Up until relatively recently, the job market was not a welcoming place for job seekers without degrees.
While this is still true to a certain extent, a rush of Millennials reared on the importance of higher-education has effectively diluted its primary intent.
In other words, if everyone has a degree, the advantages of having one just as soon yield to mass debt and under-employment.
The opposing sides of this debate have become increasingly active in reaction to the COVID-19 pandemic.
Last month, several universities around the nation announced that they will begin their semesters with online courses. This understandably left many would-be freshmen and parents unsure of how to proceed with admissions.
Harvard will allow 40% of its 6,700 undergraduates to live on campus with relevant precautions in place.
If campuses are too dangerous to house new students, what kind of countermeasures can revive the traditional college experience?
Well, we once again turn to the leading voices of the medical community to gain perspective.
A new study published in the Journal of the American Medical Association’s Open Network, and conducted jointly by researchers from the Yale School of Public Health, Harvard Medical School, and Massachusetts General Hospital propose routine testing as a possible solution.
More discreetly electing testing every two to three days for students wishing to attend on-location classes safely.
“This analytic modeling study of a hypothetical cohort of 4990 college-age students without SARS-CoV-2 infection and 10 students with undetected asymptomatic cases of SARS-CoV-2 infection suggested that frequent screening (every 2 days) of all students with a low-sensitivity, high-specificity test might be required to control outbreaks with manageable isolation dormitory utilization at a justifiable cost,” the authors wrote in the new paper. “The coronavirus disease 2019 (COVID-19) pandemic poses an existential threat to many US residential colleges; either they open their doors to students in September or they risk serious financial consequences.”
Cluster spreading remains the most pressing obstacle in our fight to reduce SARS-CoV-2 transmissions rates in the US. The vitality of this obstacle is being staffed by college-aged demographics; around 40% of young carriers never exhibit symptoms even though the can shed as much viral material as anyone else in the early stages of infection.
To keep young students from propagating the novel coronavirus, frequent testing is key. It’s basically impossible to get every student to act uniformly with respect to social distancing practices, so the best universities can do is get a tight grip on case numbers as early as possible with little room for error.

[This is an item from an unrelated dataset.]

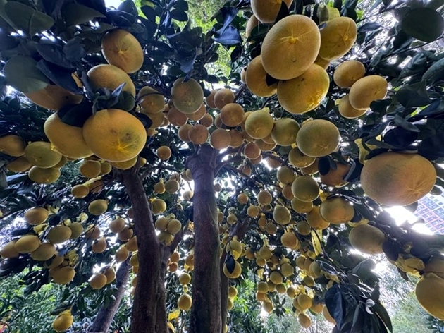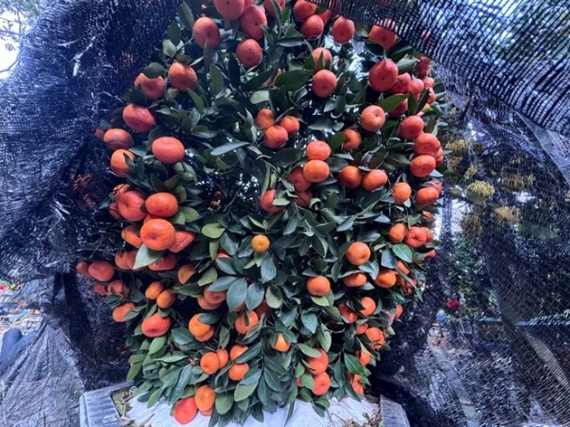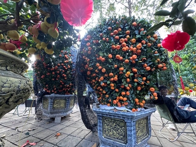 Bên cạnh bưởi Diễn, vườn kiểng này còn gây ấn tượng với cặp quýt chu sa từ Hưng Yên. Cây cao gần 4 m với hàng ngàn trái chín mọng, màu cam đỏ rực rỡ bắt mắt. Do cây thu hút đông đảo người dân đến chụp ảnh, chủ vườn phải dùng lưới nhựa trùm kín từ ngọn xuống gốc để bảo vệ, tránh tình trạng gãy cành hay rụng trái.

“Colleges aren’t going to be able to create a hermetically sealed, walled garden,” the study’s lead author, A. David Paltiel, a professor at Yale’s school of public health explained in a media release. “We assumed that once in a while students would go to a face-to-face party or a dining hall worker who traveled on the subway would come into contact with a student or somebody would cough on a student.”
Ideally, Universities will be able to administer and process tests with a 24-hour window, for somewhere between $25-$30 per test–though this may prove challenging for underfunded institutions.
“We’re setting an exceptionally high bar,” Dr. Paltiel continued. “The recommendations are logistically very difficult to adhere to and they impose a financial burden on universities. Frankly they may be beyond the capacity of most universities.”
If nothing else, a goal post has been established. If Harvard’s plan translates to actual success, a road forward is that much clearer.